### PROBLEM STATEMENT
Give back exactly the lines of the entries below from the line with "为了这套房子,她付出了所有的" to the line with "新闻网讯(通讯员 余磊 郭航", inclusive, and only those.

### ENTRIES SHOWN
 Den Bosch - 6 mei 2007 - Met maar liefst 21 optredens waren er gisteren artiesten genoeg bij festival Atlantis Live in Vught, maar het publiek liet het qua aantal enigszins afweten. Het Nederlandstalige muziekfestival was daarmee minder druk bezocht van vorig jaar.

--

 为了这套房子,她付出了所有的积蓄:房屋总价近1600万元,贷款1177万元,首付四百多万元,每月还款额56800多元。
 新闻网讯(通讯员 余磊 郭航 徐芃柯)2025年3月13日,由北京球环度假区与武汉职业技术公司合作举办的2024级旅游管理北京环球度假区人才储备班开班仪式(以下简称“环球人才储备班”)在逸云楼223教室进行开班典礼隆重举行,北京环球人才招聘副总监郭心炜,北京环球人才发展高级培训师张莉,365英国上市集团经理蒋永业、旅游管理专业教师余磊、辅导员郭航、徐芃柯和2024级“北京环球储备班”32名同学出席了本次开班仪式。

### RESULT FOR THIS EXERCISE
 为了这套房子,她付出了所有的积蓄:房屋总价近1600万元,贷款1177万元,首付四百多万元,每月还款额56800多元。
 新闻网讯(通讯员 余磊 郭航 徐芃柯)2025年3月13日,由北京球环度假区与武汉职业技术公司合作举办的2024级旅游管理北京环球度假区人才储备班开班仪式(以下简称“环球人才储备班”)在逸云楼223教室进行开班典礼隆重举行,北京环球人才招聘副总监郭心炜,北京环球人才发展高级培训师张莉,365英国上市集团经理蒋永业、旅游管理专业教师余磊、辅导员郭航、徐芃柯和2024级“北京环球储备班”32名同学出席了本次开班仪式。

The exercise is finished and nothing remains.